Menopause, like menstruation, is often talked about in whispers. We don’t shout about reaching the period of life when we’re no longer fertile, perhaps because many of the symptoms of menopause are intensely personal: Hot flashes. Night sweats. Weight gain. Mood swings. Painful sex. Insomnia.
It can also wreak havoc on physiological assets we’ve spent a lifetime cultivating, like lean muscle, strong bones, and the ability to bounce back from a challenging workout with eight hours of restorative, protein-synthesizing sleep. Until recently, many of these symptoms were written off as a natural part of aging, as inescapable as graying hair and wrinkles. But recently, researchers discovered something interesting: it’s a lack of estrogen—not advancing age—that’s behind much of the bone deterioration, fat gain, and lean-muscle loss associated with menopause. And that’s good news for aging athletes, since hormonal changes are easier to fight than the inexorable march of time.
Why It Matters
Officially, menopause is caused by the natural decline of estrogen, and it’s diagnosed after 12 consecutive months without a menstrual cycle. For Americans, this usually occurs around age 51, but perimenopause—the preceding transitional phase—can last anywhere from several months to ten years and can begin as early as your thirties.

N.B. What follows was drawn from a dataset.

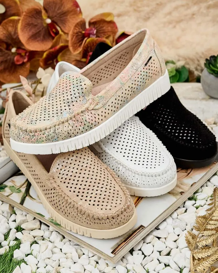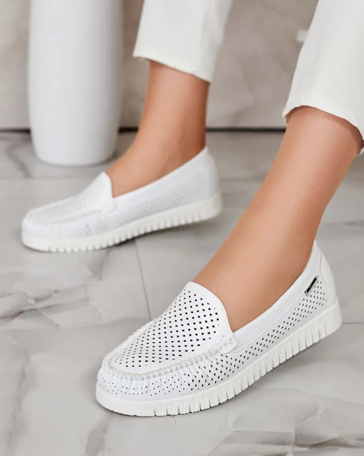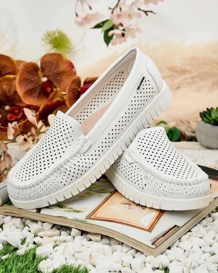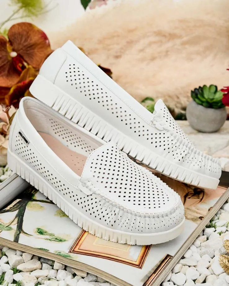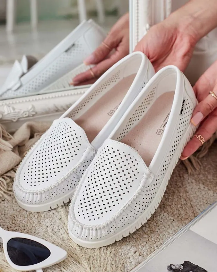 - Skórzane damskie mokasyny na płaskiej podeszwie. Model jest wykonany ze skóry ekologicznej. W środku wkładka ze skóry naturalnej. Idealna baza na co dzień!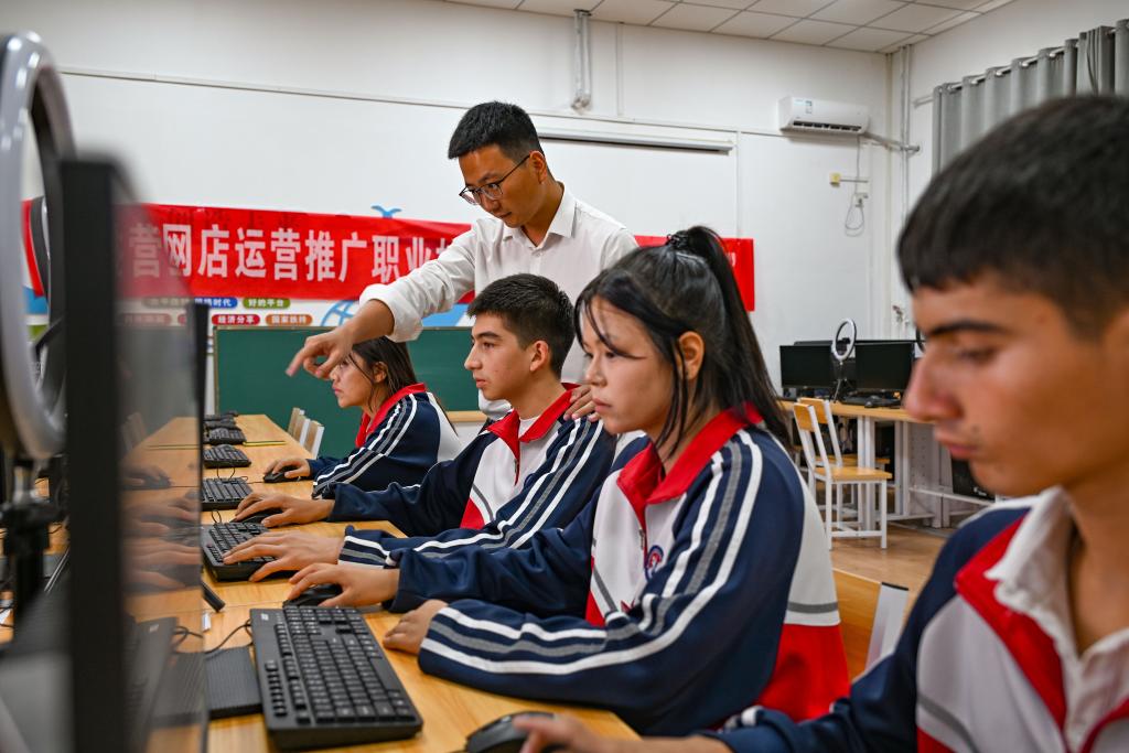 2024年9月10日,在阿拉爾職業(yè)技術學校,李斌傲在實訓室指導學生。“95后”年輕教師李斌傲是第十一批浙江臺州到新疆阿拉爾職業(yè)技術學校援疆教師中的一員。2023年2月,李斌傲前往阿拉爾任教。一年半任期結束后,他沒有選擇回到臺州,而是申請留下來,在阿拉爾繼續(xù)播撒知識的種子。新華社記者 陳朔 攝

The detrimental effects of changing hormones typically begin with perimenopause, soon after estrogen levels begin to fall. Physiological changes include a loss in bone density and lean muscle mass and an increase in body fat—particularly belly fat. Estrogen loss also slows your metabolism and messes with your hunger and satiety signals. In part due to these changes, many people see a significant drop in physical activity (and corresponding weight gain) by the time they reach menopause.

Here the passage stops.